1) Motivation why, it makes sense to have checksumming (especially also
in the nodatacow case)


I think of all major btrfs features I know of (apart from the CoW
itself and having things like reflinks), checksumming is perhaps the
one that distinguishes it the most from traditional filesystems.

Sure we have snapshots, multi-device support and compression - but we
could have had that as well with LVM and software/hardware RAID... (and
ntfs supported compression IIRC ;) ).
Of course, btrfs does all that in a much smarter way, I know, but it's
nothing generally new.
The *data* checksumming at filesystem level, to my knowledge, is
however. Especially that it's always verified. Awesome. :-)


When one starts to get a bit deeper into btrfs (from the admin/end-user 
side) one sooner or later stumbles across the recommendation/need to
use nodatacow for certain types of data (DBs, VM images, etc.) and the
reason, AFAIU, being the inherent fragmentation that comes along with
the CoW, which is especially noticeable for those types of files with
lots of random internal writes.

Now duncan implied, that this could improve in the future, with the
auto-defragmentation getting (even) better, defrag becoming usable
again for those that do snapshots or reflinked copies and btrfs itself
generally maturing more and more.
But I kinda wonder to what extent one will be really able to solve
that, what seems to me a CoW-inherent "problem",...
Even *if* one can make the auto-defrag much smarter, it would still
mean that such files, like big DBs, VMs, or scientific datasets that
are internally rewritten, may get more or less constantly defragmented.
That may be quite undesired...
a) for performance reasons (when I consider our research software which
often has IO as the limiting factor and where we want as much IO being
used by actual programs as possible)...
b) SSDs...
Not really sure about that; btrfs seems to enable the autodefrag even
when an SSD is detected,... what is it doing? Placing the block in a
smart way on different chips so that accesses can be better
parallelised by the controller?
Anyway, (a) is could be already argument enough, not to run solve the
problem by a smart-[auto-]defrag, should that actually be implemented.

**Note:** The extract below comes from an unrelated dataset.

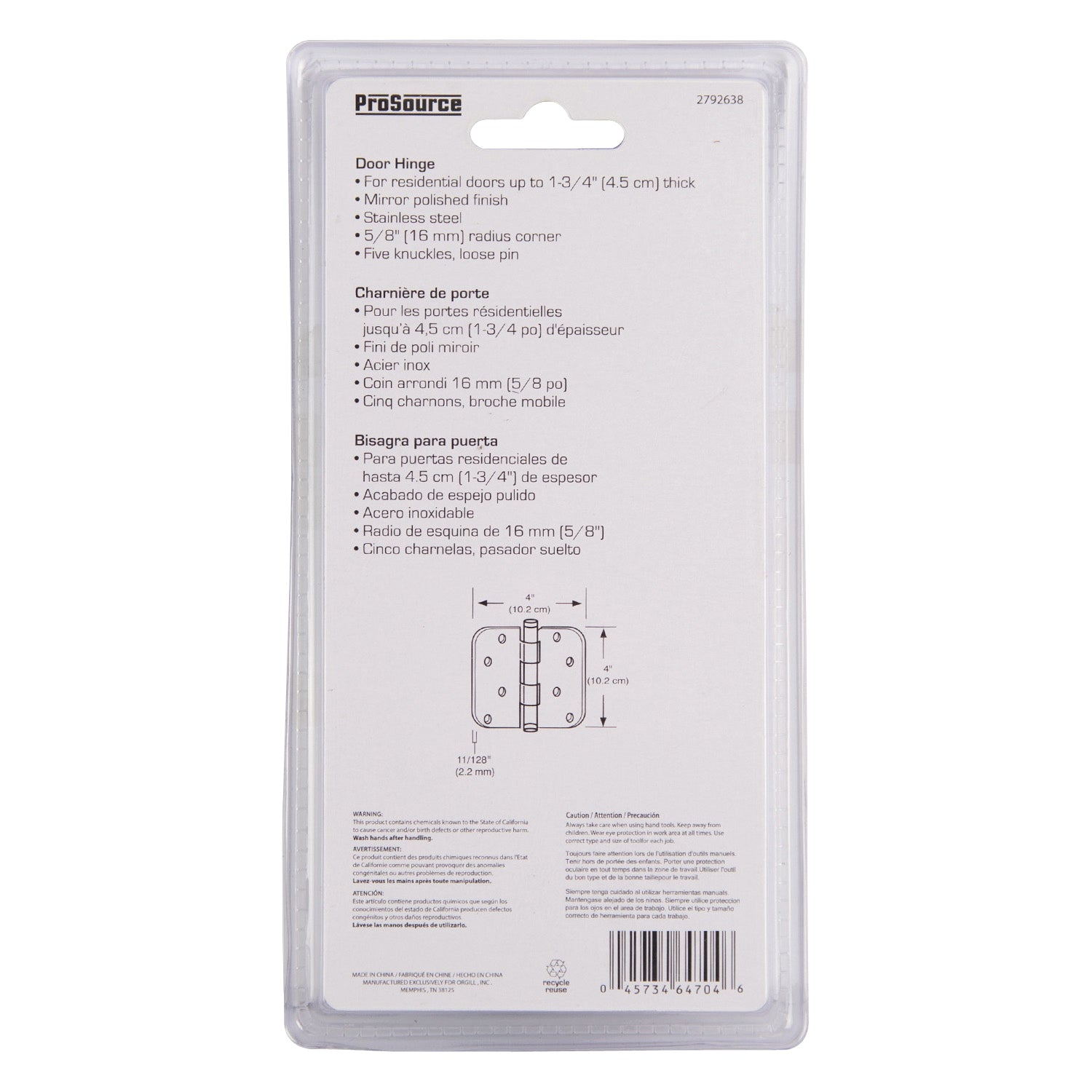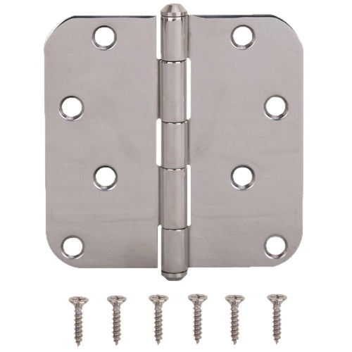 The ProSource door hinge is made of steel. The hinge offers a unique and creative hardware solutions for your home. Radius corner. It's 2.2 mm thick and the screws are included.

So I think having notdatacow is great and not just a workaround till
everything else gets better to handle these cases.
Thus, checksumming, which is such a vital feature, should also be
possible for that.


Duncan also mention that in some of those cases, the integrity is
already protected by the application layer, making it less important to
have it at the fs-layer.
Well, this may be true for file-sharing protocols, but I wouldn't know
that relational DBs really do cheksuming of the data.
They have journals, of course, but these protect against crashes, not
against silent block errors and that like.
And I wouldn't know that VM hypervisors do checksuming (but perhaps
I've just missed that).

Here I can give a real-world example, from the Tier-2 that I run for
LHC at work/university.
We have large amounts of storage (perhaps not as large as what Google
and Facebook have, or what the NSA stores about us)... but it's still
some ~ 2PiB, or a bit more.
That's managed with some special storage management software called
dCache. dCache even stores checksums, but per file, so that means for
normal reads, these cannot be verified (well technically it's
supported, but with our usual file sizes, this is not working) so what
remains are scrubs.
For The two PiB, we have some... roughly 50-60 nodes, each with
something between 12 and 24 disks, usually in either one or two RAID6
volumes, all different kinds of hard disks.
And we do run these scrubs quite rarely, since it costs IO that could
be used for actual computing jobs (a problem that wouldn't be there
with how btrfs calculates the sums on read, the data is then read
anyway)... so likely there are even more errors that are just never
noticed, because the datasets are removed again, before being scrubbed.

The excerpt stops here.